As the end of 2016 draws near, self-directed investors appear to be following clear trends as they look for growth outside the largest 100 stocks.
An analysis from the SelfWealth platform shows that the $621-billion self-managed superannuation fund (SMSF) sector is now showing an appetite for risk with a particular interest in small-caps.
The proportion of smaller stocks held by our members has doubled in just one year, from 9.7 per cent to 19.3 per cent by weighting.
SMSFs managed through the SelfWealth platform are likelier than average to hold small-caps. Because of the focus on equal weighting of all stocks within a portfolio on our platform, this strategy can give small-caps as much emphasis or importance as larger-cap stocks.
SMSFs are typically considered to be highly conservative, and the overall weighting heavily towards the top 20 ASX stocks as well as high-performing Exchange Traded Funds (ETFs) and Listed Investment Companies, shows this to be true.
However, the ongoing trend towards choosing traditionally riskier small-caps as part of a portfolio reveals a willingness among SMSF take risk that has previously not been asserted.
For users of SelfWealth, harnessing the power of the crowd to shape their investment strategy, success including small-cap stocks could spark a trend towards the sector, with smaller companies and indexed funds featuring in more SMSF portfolios.
Trend has strong momentum
We see this SMSF trend towards small-caps continuing into 2017 for a number of reasons.
From mid-2012 to early 2016 small-caps significantly underperformed the ASX top 100, which were boosted by the banks’ share-price surge over that period.
However, this year the S&P/ASX Small Ordinaries Index has rallied in the continued low-growth and low-interest rate environment. With a relatively stable sharemarket, and bearish expectations of continued growth in the top 100 companies, appetite for risk is growing. In the past year the Small Ords has returned 27 per cent, including dividends.
SelfWealth also notes a demographical trend here. More trustees in the under-54 bracket are entering the market and using the SelfWealth platform.
According to Vanguard, almost 44 per cent of people who established SMSFs in the March quarter of 2015 were under 45. These investors, which make up 37.4 per cent of overall SMSFs, are likely to have a higher-risk investment strategy.
SMSF stock allocations by sector
Across SelfWealth portfolios in 2016 there has been significant interest in the healthcare sector within SMSFs, with a 2.23 per cent increase in holdings in what are otherwise highly stable portfolios. This is in part due to strong investor sentiment with large-cap stocks, including Medibank Private and Sonic Healthcare, both of which are in the top 20 most popular stocks.

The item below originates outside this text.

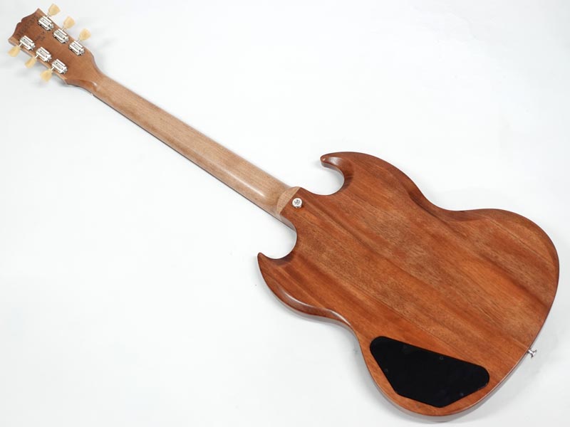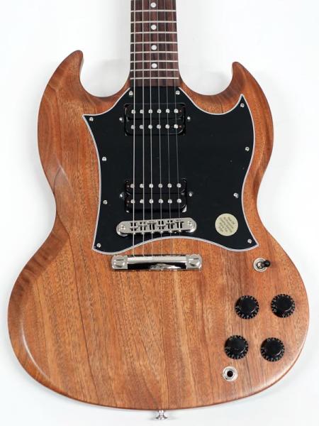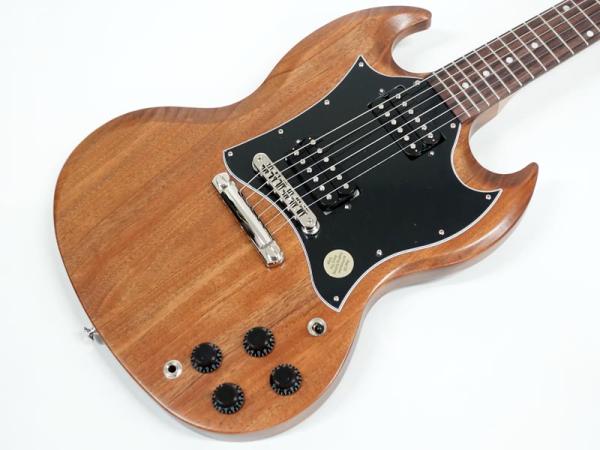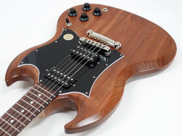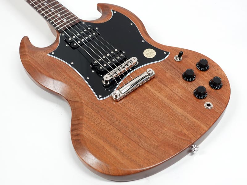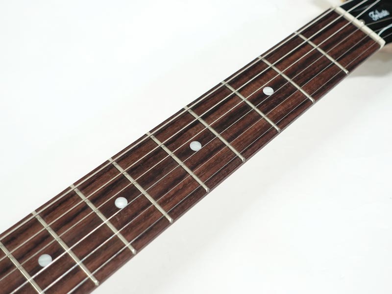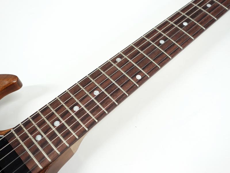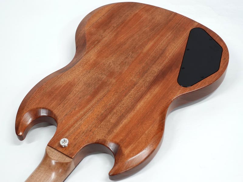 シンプルな艶消しマホガニーボディにメイプルネック、ローズウッド指板。メイプルネックはラウンドシェイプで安定したグリップ感があります。

There has been a move away from mining and energy stocks, exchange-traded funds and real estate sectors. The latter is of particular interest given the low interest rates fuelling strong property growth in the past decade.
But there are signs that the property bubble could deflate, and while Australian Real Estate Investment Trusts, as well as infrastructure and government bonds, have been considered a safe haven, this may not be the case in perpetuity.
Table 1: How SMSF sector allocations are changing
Source: SelfWealth

Top 10 SMSF stocks
The top holdings of SMSFs has not significantly changed over the past year. They have tightly held their banking stocks, while CSL has climbed back into favour.
Despite changes in the lower end of the portfolio, SelfWealth reflects the broader sentiment that SMSFs are likely to remain conservative and invested in top local stocks.
One continued criticism of local SMSFs is that they can trend towards being heavily weighted in domestic stocks. Of the top 10 most popular listed ETFs, six are focused on international stocks.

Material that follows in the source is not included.